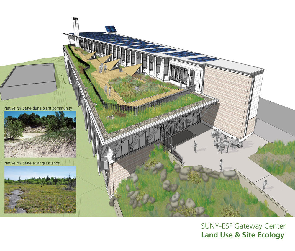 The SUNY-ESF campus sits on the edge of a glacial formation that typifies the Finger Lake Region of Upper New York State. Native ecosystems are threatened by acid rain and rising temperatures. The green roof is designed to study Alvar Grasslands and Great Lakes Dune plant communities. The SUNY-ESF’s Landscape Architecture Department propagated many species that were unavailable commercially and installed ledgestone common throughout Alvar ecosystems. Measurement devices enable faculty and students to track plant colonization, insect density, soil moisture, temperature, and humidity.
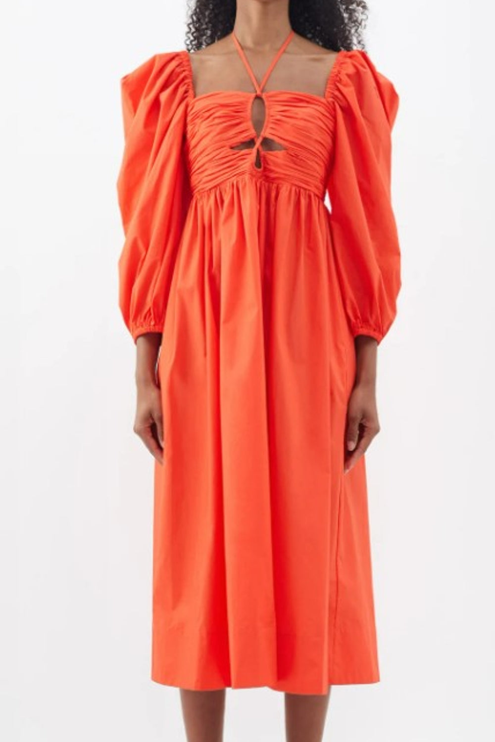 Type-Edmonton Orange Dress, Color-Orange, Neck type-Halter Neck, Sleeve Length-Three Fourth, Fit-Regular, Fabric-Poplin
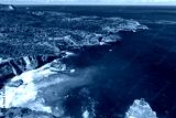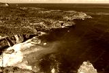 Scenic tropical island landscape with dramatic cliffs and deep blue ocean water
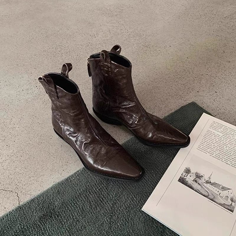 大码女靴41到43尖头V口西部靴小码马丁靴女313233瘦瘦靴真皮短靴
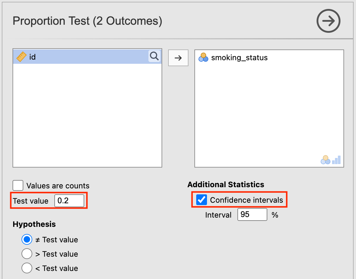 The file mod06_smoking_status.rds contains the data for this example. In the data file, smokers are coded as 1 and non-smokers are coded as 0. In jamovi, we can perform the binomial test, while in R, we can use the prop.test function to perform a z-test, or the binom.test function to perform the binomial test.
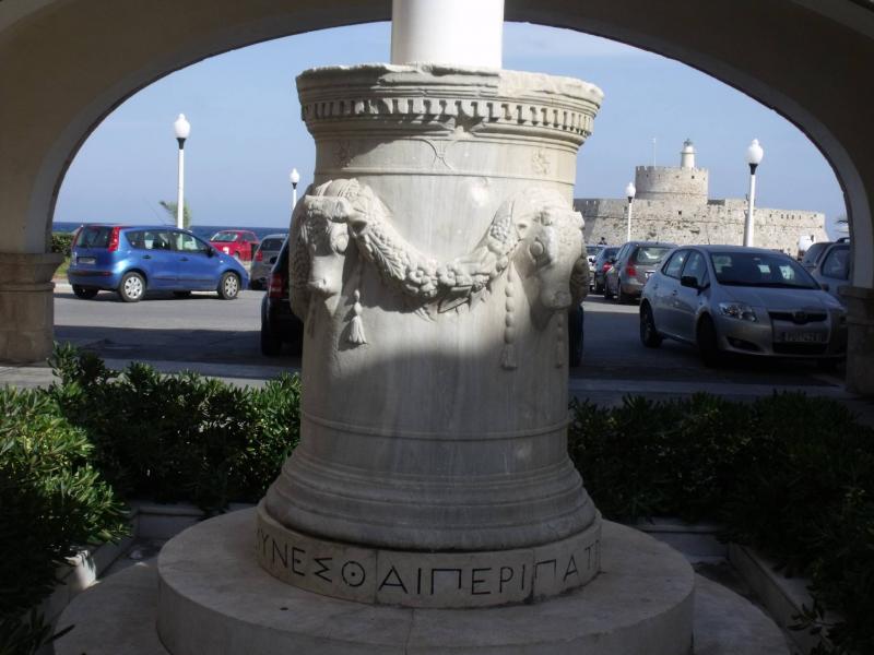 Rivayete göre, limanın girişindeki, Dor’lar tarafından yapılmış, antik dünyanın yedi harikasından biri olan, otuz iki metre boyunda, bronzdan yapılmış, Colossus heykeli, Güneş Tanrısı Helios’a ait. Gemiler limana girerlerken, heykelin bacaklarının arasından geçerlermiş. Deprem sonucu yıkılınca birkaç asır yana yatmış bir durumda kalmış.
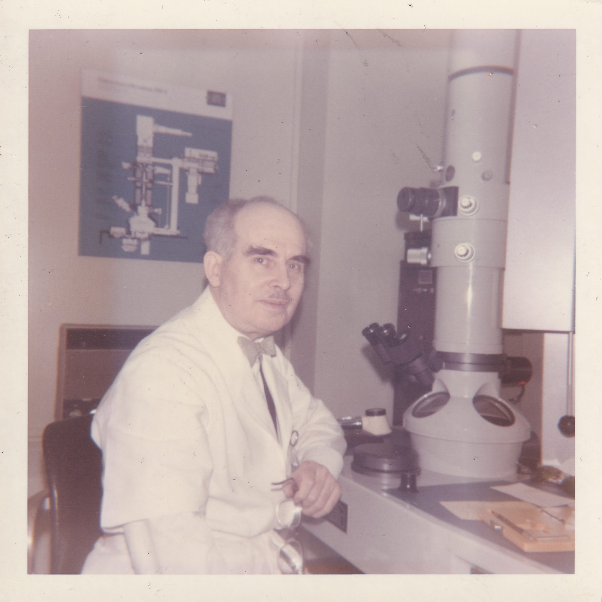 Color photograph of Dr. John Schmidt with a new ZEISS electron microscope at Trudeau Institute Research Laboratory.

...

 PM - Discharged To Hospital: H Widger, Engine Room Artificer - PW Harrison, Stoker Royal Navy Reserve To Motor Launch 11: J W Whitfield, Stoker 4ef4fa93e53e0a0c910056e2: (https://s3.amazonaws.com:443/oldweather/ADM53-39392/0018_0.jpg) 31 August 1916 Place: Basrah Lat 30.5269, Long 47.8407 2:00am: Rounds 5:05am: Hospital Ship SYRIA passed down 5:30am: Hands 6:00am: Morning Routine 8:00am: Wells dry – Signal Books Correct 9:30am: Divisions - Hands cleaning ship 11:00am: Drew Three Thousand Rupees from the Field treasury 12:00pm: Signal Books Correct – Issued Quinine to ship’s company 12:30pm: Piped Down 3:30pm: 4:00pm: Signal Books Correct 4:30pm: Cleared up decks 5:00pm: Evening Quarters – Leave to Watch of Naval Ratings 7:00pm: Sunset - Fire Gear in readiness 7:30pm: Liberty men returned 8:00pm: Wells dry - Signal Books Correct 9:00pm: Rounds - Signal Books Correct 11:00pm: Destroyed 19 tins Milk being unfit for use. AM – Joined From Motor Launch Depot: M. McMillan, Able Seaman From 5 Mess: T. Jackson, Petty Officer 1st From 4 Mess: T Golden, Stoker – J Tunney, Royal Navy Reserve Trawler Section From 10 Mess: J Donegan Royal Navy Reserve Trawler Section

= Exercise aim =
Repeat exactly the stretch of the listing above that starts with the line holding "The file mod06_smoking_status.rds" and finishes with the line holding "Color photograph of", both included. Skip every picture.

= Exercise solution =
 The file mod06_smoking_status.rds contains the data for this example. In the data file, smokers are coded as 1 and non-smokers are coded as 0. In jamovi, we can perform the binomial test, while in R, we can use the prop.test function to perform a z-test, or the binom.test function to perform the binomial test.
 Rivayete göre, limanın girişindeki, Dor’lar tarafından yapılmış, antik dünyanın yedi harikasından biri olan, otuz iki metre boyunda, bronzdan yapılmış, Colossus heykeli, Güneş Tanrısı Helios’a ait. Gemiler limana girerlerken, heykelin bacaklarının arasından geçerlermiş. Deprem sonucu yıkılınca birkaç asır yana yatmış bir durumda kalmış.
 Color photograph of Dr. John Schmidt with a new ZEISS electron microscope at Trudeau Institute Research Laboratory.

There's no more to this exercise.